As a psychologist in training, I have a morbid fascination with making sense of these crimes. I so desperately want to know why they continue to happen, what the contributing factors are, how we can work to keep these unfathomable crimes from reoccurring. I am angry that the story is always the same: a white male, somewhere between the age of 18-25 kills innocent victims and then himself, ridding the world of the opportunity to know what led him to such a dark place. I am equally as obsessed with the reactions of others and myself, to such acts. Everyone is so terrified, so rageful, so deeply sad that we hopelessly defend whatever cause we feel will bring justice to such loss. We argue for stricter gun control, the death penalty, media censorship, while the answer to the question Why does this keep happening? remains unanswered.   

I personally do not believe that stricter gun control will keep crimes like these from happening. Don't get me wrong- I don't think it would hurt- but someone hell bent on wanting to kill others will find a way regardless of the means (you can easily find recipes for homemade bombs online, frighteningly). I am also not certain that media coverage of such events is to blame. In fact, I am hopeful that media coverage will inspire more people to react and become motivated to get involved in the solution. And I certainly don't believe that tougher sentencing for crimes is an answer either. Our prison system is broken and overcrowded.

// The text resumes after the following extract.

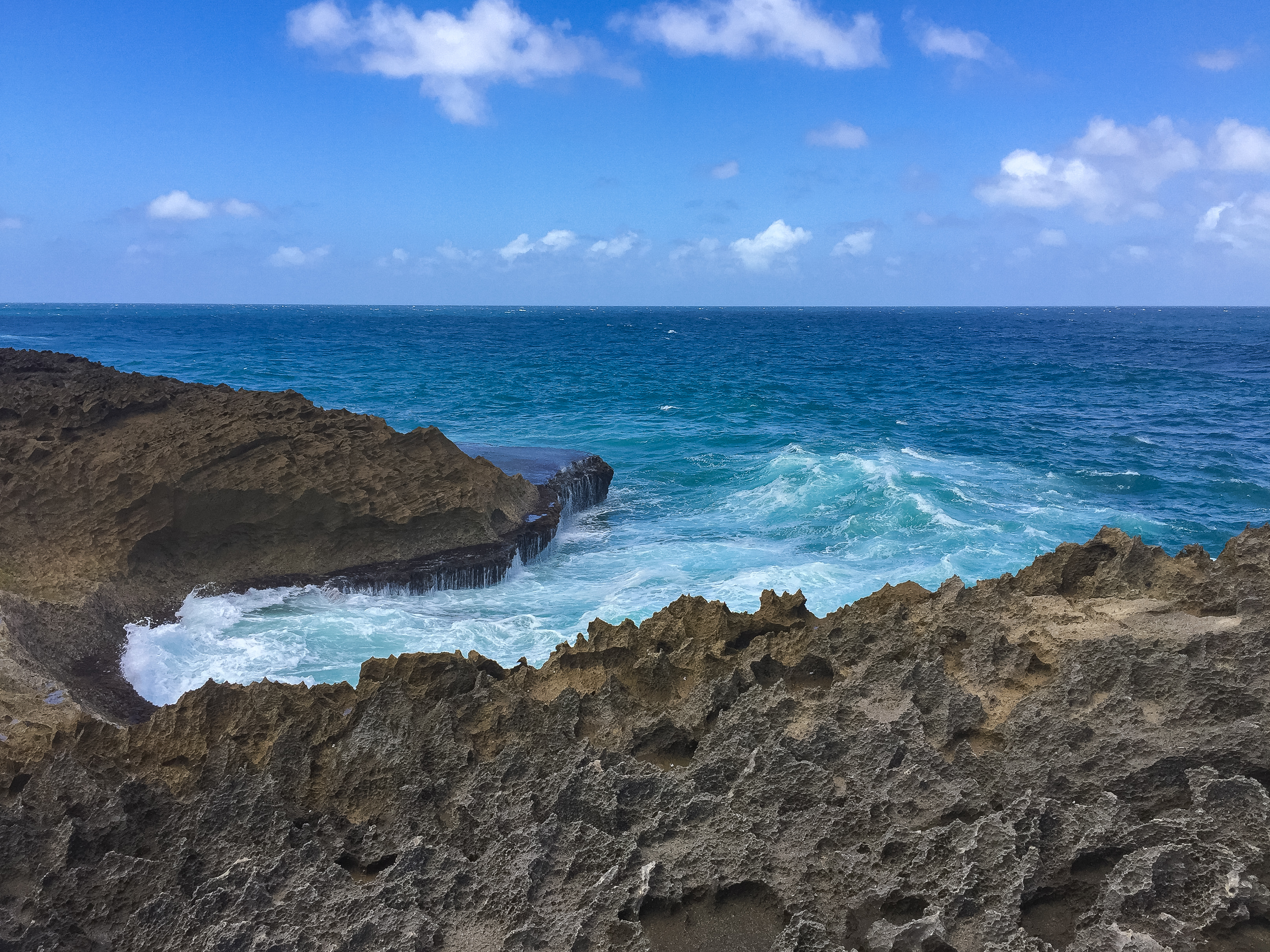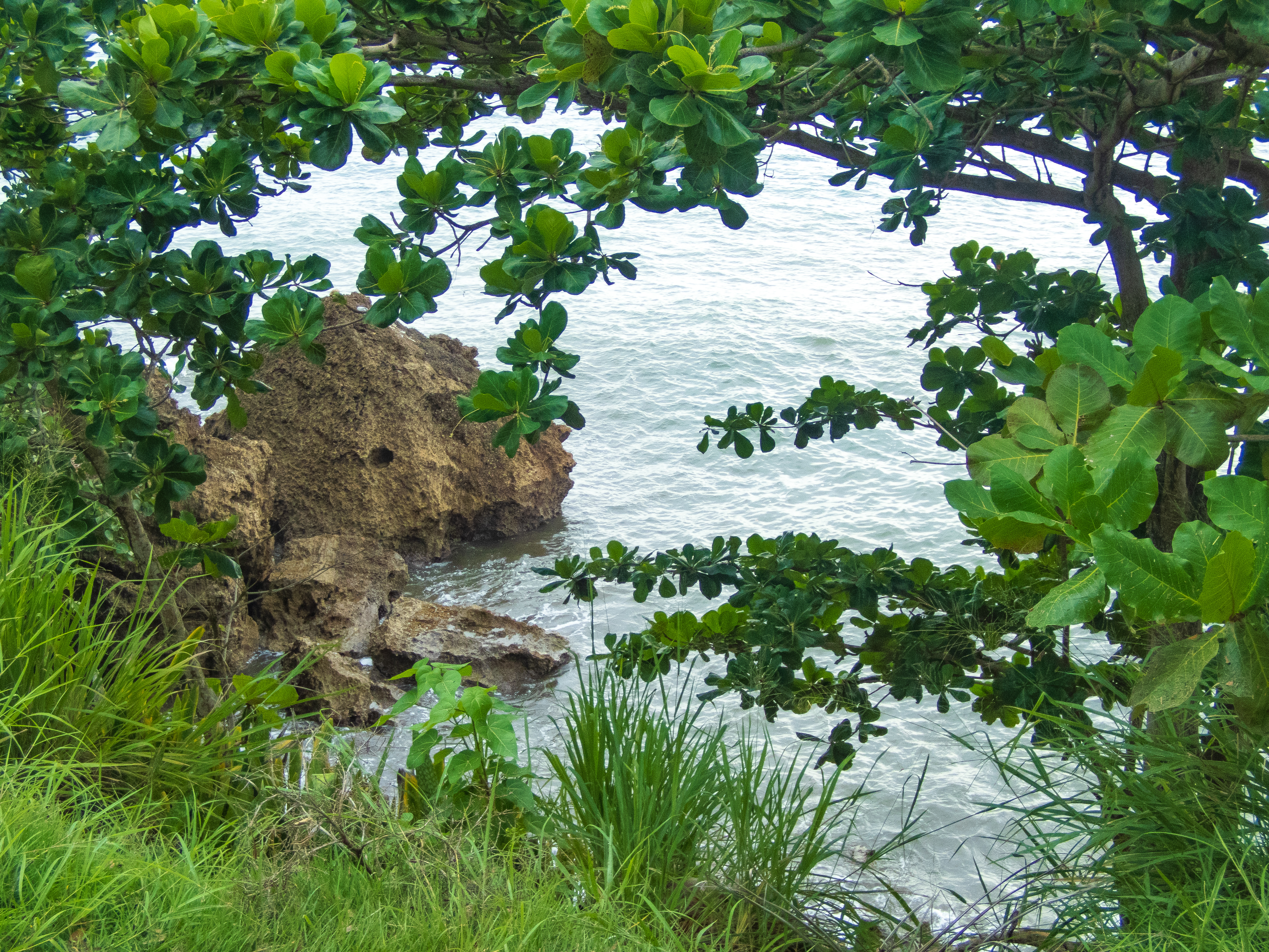 When we arrived at Jobos we were amazed. This place was gorgeous. We hopped out of the car, surfboard in hand for Trevor, and snorkeling gear in hand for me (I don’t surf), and ran down to the water where we spent a good half the day. The water was crystal clear and full of sea life and there was this cove up above that I explored while Trevor surfed.

Call me an optimist or maybe even a dreamer, but I have a very hard time imagining a person- purely evil- who is capable of killing not one, but 20 babies under the age of 7. I have read of such "sociopaths" and "anti social personalities," and I am sure they are out there, but I am also aware that statistically this is a very small portion of our population. Someone who is capable of killing babies seems to me very, very ill.

Perhaps the most disheartening and unbelievable part of this story that keeps getting told are the folks who say "He was such a good boy...I can't believe he did this....there were no signs at all." And then the more and more I research the killer, I see all kinds of "signs": social dysfunction, withdrawal, isolation, a history of academic and occupational struggles, usually family discord. From what I have read, Adam Lanza exhibited all of these classic symptoms of mental illness. And it's not a hidden fact that the average age of onset for Schizophrenia in men is- gasp- between 18 and 25 (this information resides in our very own DSM-IV).

I'm not arguing that every person with Schizophrenia is a violent killer, or that I am able to diagnosis Lanza based on the media coverage. But I am struck by this story that keeps on repeating. The killer is always the same- age, race, class, personality features. How are we as a society failing to intervene, to end this story once and for all? I hold a serious responsibility and privilege as a psychologist to put forth my very best effort in thinking about mental illness, not just in treating those who struggle with it, but also in educating the public about the signs and symptoms of various illnesses. We have the knowledge, so where is it going? Why does this story continue to be told?

I offer my sincere condolences to the entire Newtown community. My heart hurts not only for the victims and their families, but also for our country-  we all suffer when something like this happens. We must continue to talk about mental illness, and strive to find ways to stop this story from being reproduced.